The measure adopted as a proxy for the intensity of external knowledge brought into the region relates to the amount of the international trade linkages of each functional region (Boschma and Iammarino 2009). It is measured as:

$${\text{IMP}}\_{\text{EXP}}_{rt} = {\text{Ln}} (Import\,value_{rt} + Export\,value_{rt} )$$
(5)

where, \(Import\,value_{rt}\) and \(Export\,value_{rt}\) are the value of the import and export in manufacturing in region r in year t, respectively. The higher the value of IMP_EXP rt , the greater is the external knowledge that flows into the region.

The measure adopted as a proxy for the variety of external knowledge brought into the region is the Trade Related Variety (Boschma et al. 2012).
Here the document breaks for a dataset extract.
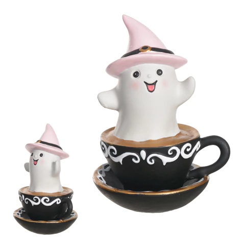 Fantasminha na xícara em resina 16,3cm quantidade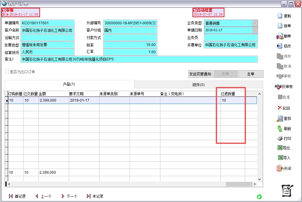 如下圖在工作流中設置了審核,則審核后的銷售退貨單才生效

It aims to measure the extent to which the export portfolio of a region is related to its import portfolio. Let 1 be a five-digit industry within the two-digit class I(i), with i = 1,…, n. Then following Boschma and Iammarino (2009), trade related variety (TRV) is given as follows:

$${\text{TRV}}_{rt} = \mathop \sum \limits_{i} Import_{5}^{M} \left( i \right) Export_{5} (i)$$
(6)

where, Import M5 (i) is the import entropy in five-digit industries other than 1, but within the same two-digit industry I(i), i.e. (i ≠ 1). Export 5 (i) is the relative size of the five-digit export industry 1 (with i = 1,…, n) in the entire provincial export.

3.2.3 Control variables

Several control variables are considered: population density, human capital, manufacturing concentration index, high-technology manufacturing concentration index, number of high-tech large manufacturing firms, and year dummies. Population density (POPULATION) controls for the size of the regions and captures urbanization economies. It is measured as the population per square kilometre in each region each year. Population density is expected to have positive effect on innovation (Feldman 1994).

Human capital (HC) is a standard variable in KPF framework. It is shown to have the significant positive impact on innovation in firm level (Andersson and Ejermo 2005) and regional level studies (Lee et al. 2010). Such a positive effect on innovation is motivated generally by endogenous growth theory (Romer 1986), and specifically by Lucas (1988)’s model, arguing that the ability to develop new technology depends on the average level of human capital in the local economy. It is measured as the fraction of higher educated employees (employees with three or more years of university education) in region r year t.

It is shown that sectors differ in their propensity to patent. First of all, service sector is less likely to patent its knowledge production compared with manufacturing (Hipp and Grupp 2005). In order to incorporate this argument, the paper includes location quotient of the manufacturing specialization (LQ_MAN). It is calculated as follows:

$${\text{LQ}}\_{\text{MAN}}_{{rt}} = \frac{{\left( {\frac{{{\text{Manufacturing}}\,\,{\text{employment}}\,\,{\text{in}}\,\,{\text{region}}\,\,r\,\,{\text{year}}\,\,t}}{{{\text{Total}}\,\,{\text{employment}}\,\,{\text{in}}\,\,{\text{region}}\,\,r\,\,\,{\text{year}}\,t}}} \right)}}{{\left( {\frac{{{\text{Manufacturing}}\,\,{\text{employment}}\,\,{\text{in}}\,\,{\text{economy}}\,\,{\text{year}}\,t}}{{{\text{Total}}\,\,{\text{employment}}\,\,{\text{in}}\,\,{\text{economy}}\,\,{\text{year}}\,t}}} \right)}}$$
(7)

The higher the value of LQ_MAN, the higher concentration of manufacturing sectors in the region. This variable controls for the fact that manufacturing sectors have higher propensity to patent than service sectors, and expected to have positive sign (Fritsch and Slavtchev 2007; Paci and Usai 1999).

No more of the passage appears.